Welding is a commonly used method of joining metals together in various industries such as construction, automotive, aerospace, and shipbuilding. However, during the welding process, various defects can occur during the process that could compromise the quality and structural integrity of the weld. These defects can range from porosity (air pockets within the weld), weld spatter (excessive weld material on the surface), arc-strikes (improper weld placement), to defective cross-sectional profiles (the weld does not have the correct shape).

Detecting and repairing weld defects can be a time-consuming and costly process, especially when done manually. This project aims to address the above problem by developing an AI algorithm that can detect weld defects in real-time based on camera images of the weld and cross-sectional profiles captured using a 2D laser scanner. By automating the process of detecting weld defects, the project could save manufacturers time and money by enabling them to quickly identify and address defects during the welding process. This would improve the overall quality and strength of the weld, reducing the risk of product failures, safety hazards, and costly repairs.

Furthermore, the developed solution could help to improve the efficiency of the manufacturing process by reducing the need for manual inspection and enabling real-time detection and correction of defects.

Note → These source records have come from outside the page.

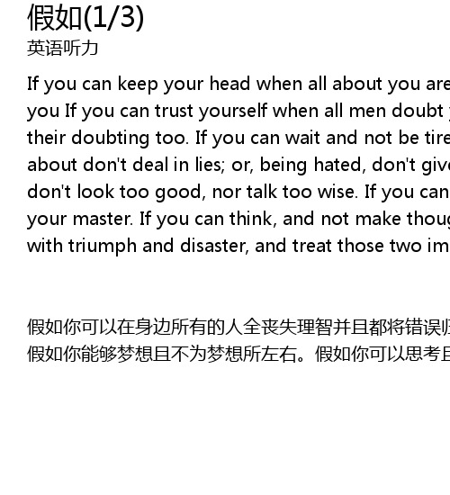 | 假如你可以在身边所有的人全丧失理智并且都将错误归咎于你之时仍保持冷静。假如你可以在所有人怀疑你之时依旧坚持自我并且仍然欣然接受他人的质疑。假如你可以等候且不因此而疲惫;不以谎言来对付谎言;不以恶报恶;不过分注重打扮也不时常说些显得自己高明智慧的话语。 假如你能够梦想且不为梦想所左右。假如你可以思考且不为思考所摆布。假如你能够对胜利和失败一视同仁。 |
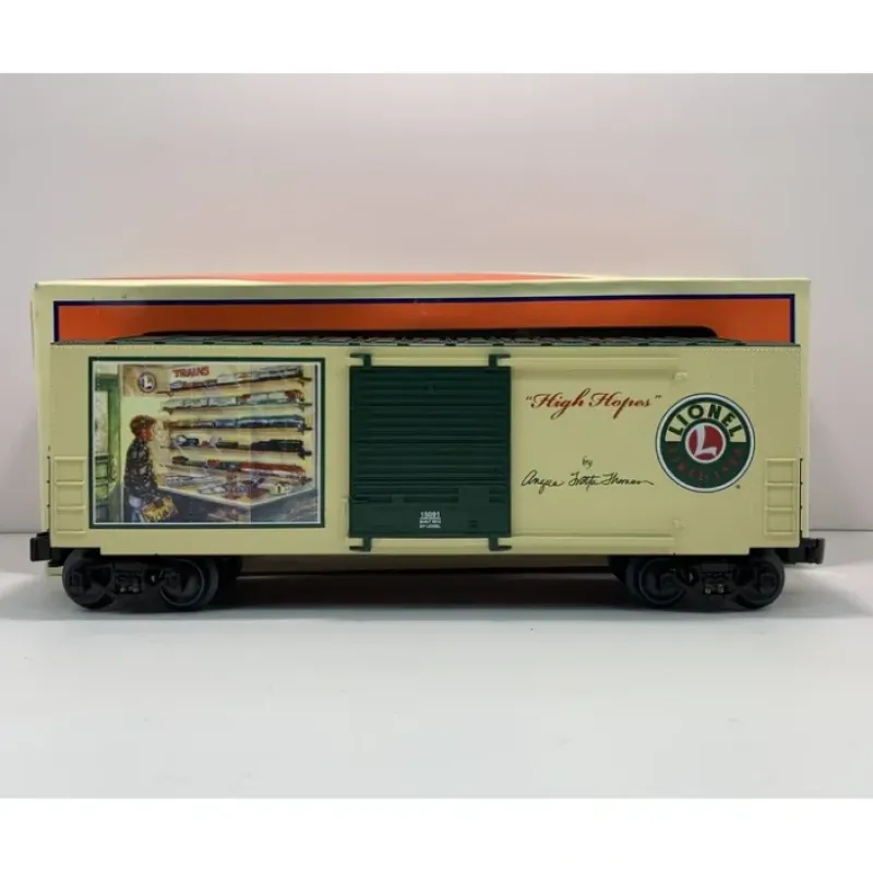 This is a Lionel 6-15091 O Gauge Angela Trotta Thomas “High Hopes” Hi-Cube Boxcar. Something Special for All Our Collectors. It’s the first Hi-cube style boxcar featuring the timeless art of Angela Trotta Thomas! The large side space on this modern boxcar is a perfect fit for a handsome rendition of her High Hopes painting. Christmas or any time of the year, her finely executed art touches all.
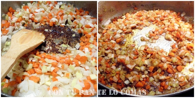 2. En el mismo aceite pochamos las verduras picadas bastante pequeñas, sazonamos con un poco de sal rascando bien el fondo de la cazuela para aprovechar todo el sabor.
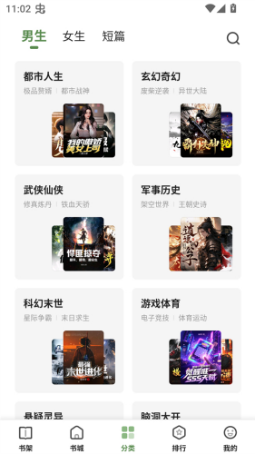 2、接下来我们可以选择都市人生、玄幻奇幻、武侠仙侠、科幻末世等多种不同类型的小说。
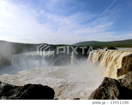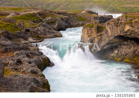 北欧の島国アイスランド共和国北部 スキャルファンダフリョゥト川を流れ落ちるゴーザフォス
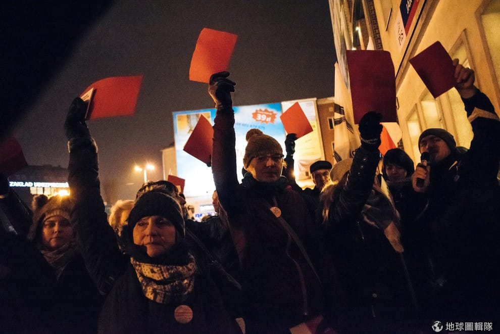 民眾齊聚執政黨法律與公正黨(Law and Justice Party)的黨部前,手拿紅牌判直政黨出局,大夥不滿執政黨箝制媒體,影響新聞自由決定站出來用行動表示。
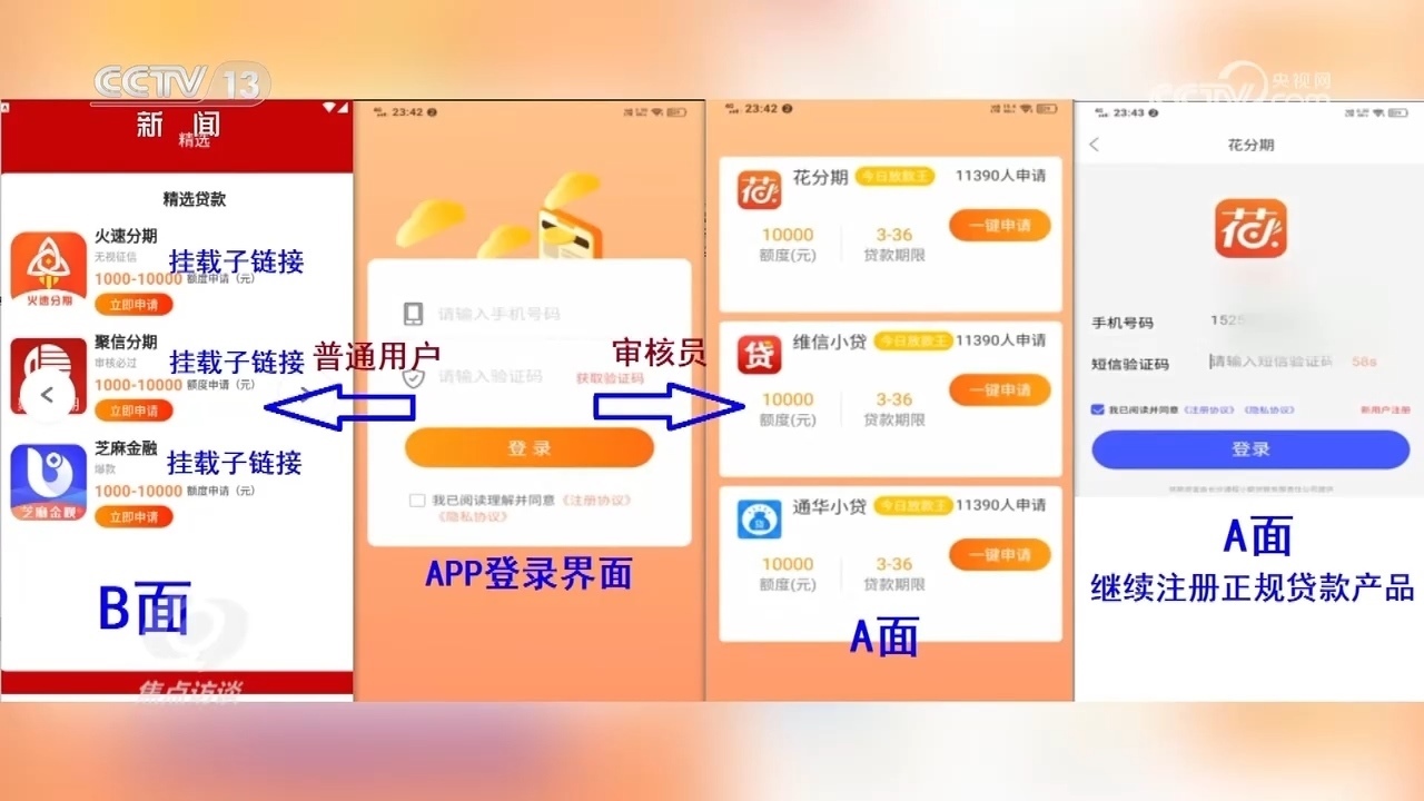 安徽省蕪湖市公安局經(jīng)開區(qū)分局偵查打擊部警務(wù)技術(shù)二級主管高陽:“提供審核的都是正規(guī)的貸款產(chǎn)品,點(diǎn)擊以后一步一步看起來都很正規(guī),這樣審核員就會通過,覺得這個APP是正常的,可以在官方應(yīng)用商城上架。但是普通用戶登錄以后,就會下載新的APP,新的APP都是詐騙APP?!?/p>

This could ultimately lead to increased productivity and cost savings for manufacturers.

The project goals

The ultimate objective of this project is to develop an AI algorithm that can accurately detect weld defects in order to improve the quality and safety of welded components. 

The main goals of this Omdena-Reachbots Challenge are:

  • Develop an AI algorithm that can accurately detect different types of weld defects, including porosity, weld spatter, arc strikes, and defective cross-sectional profiles.
  • Integrate the algorithm with camera images of the weld and cross-sectional profiles captured using a 2D laser scanner.
  • Train the algorithm on a large dataset of weld defects to ensure that it can accurately identify defects in a variety of welding scenarios and conditions.
  • Optimize the algorithm to minimize false positives and false negatives, ensuring that it can accurately identify defects while avoiding unnecessary rejections or repairs.
  • Test the algorithm on a range of real-world welding scenarios to validate its effectiveness and performance.

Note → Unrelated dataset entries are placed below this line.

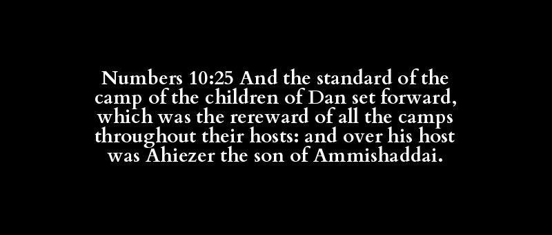 Numbers 10:25 And the standard of the camp of the children of Dan set forward, which was the rereward of all the camps throughout their hosts: and over his host was Ahiezer the son of Ammishaddai.
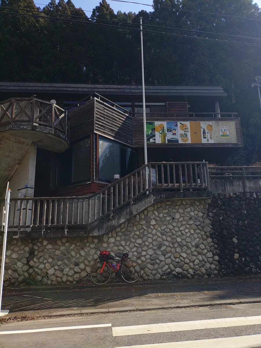 お店の前まで押して行き(歩行者専用の道になってるんです)店の前に止めます
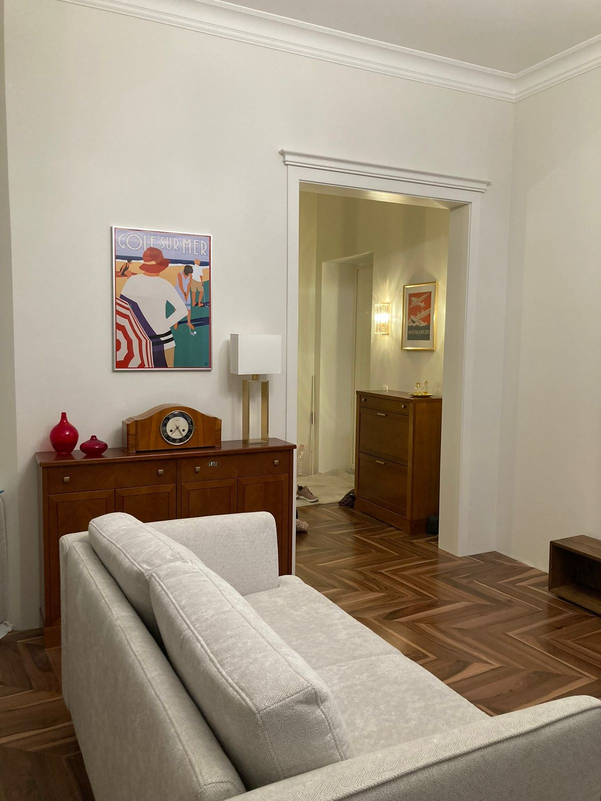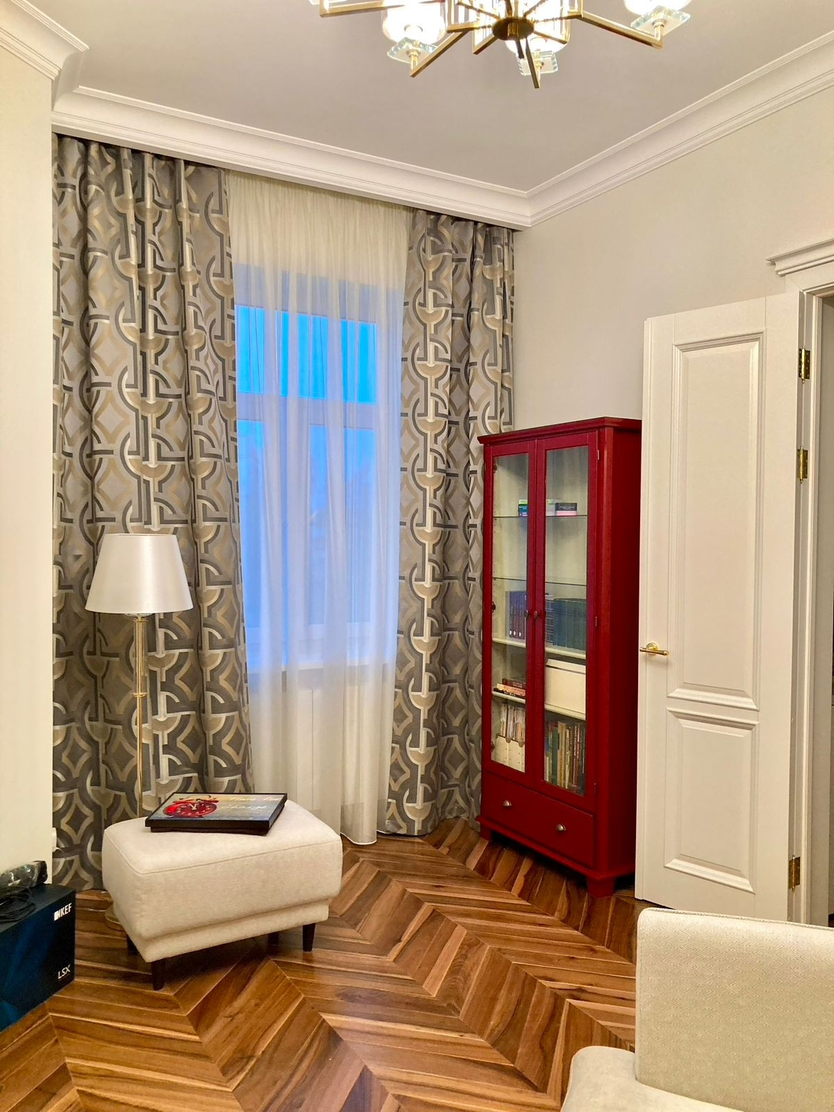 Квартира в стиле Арт Деко, ремонт 2023 года с использованием дорогих материалов, полностью заменены коммуникации, сантехника, электрика, звукоизоляция пола и стен, паркет - американский орех, итальянская плитка, идеальные стены - краска, межкомнатные двери - массив высотой 2,3 метра, входная дверь усиленная противовзломная. Вся мебель и бытовая техника премиум класса ( кондиционер, стирально-сушильная машина, посудомойка, вытяжка, телевизор) остаются и включены в цену.

Why join? The uniqueness of Omdena AI Innovation Challenges

A collaborative experience you never had in your working life! For the next eight weeks, you will not only build AI solutions to make a real-world impact but also go through an entire data science project lifecycle. This covers problem scoping, data collection, and preparation, as well as modeling for deployment.

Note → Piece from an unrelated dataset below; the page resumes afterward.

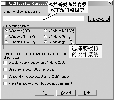 小技巧:如果將Apcompat.exe文件拷貝到系統文件夾下(C:\WINNT),我們便可以通過“開始→運行”來調用該文件了。

And the best part is that you will join a global and collaborative team of changemakers. Omdena AI Challenges are not a competition or hackathon but a real-world project that will take your experience of what is possible through collaboration to a new level.

Find more information on how an Omdena project works

First Omdena Project?

Join the Omdena community to make a real-world impact and develop your career

Build a global network and get mentoring support

Earn money through paid gigs and access many more opportunities



Your Benefits

Address a significant real-world problem with your skills

Get hired at top companies by building your Omdena project portfolio (via certificates, references, etc.)

Access paid projects, speaking gigs, and writing opportunities



Requirements

Good English

A very good grasp in computer science and/or mathematics

Student, (aspiring) data scientist, (senior) ML engineer, data engineer, or domain expert (no need for AI expertise)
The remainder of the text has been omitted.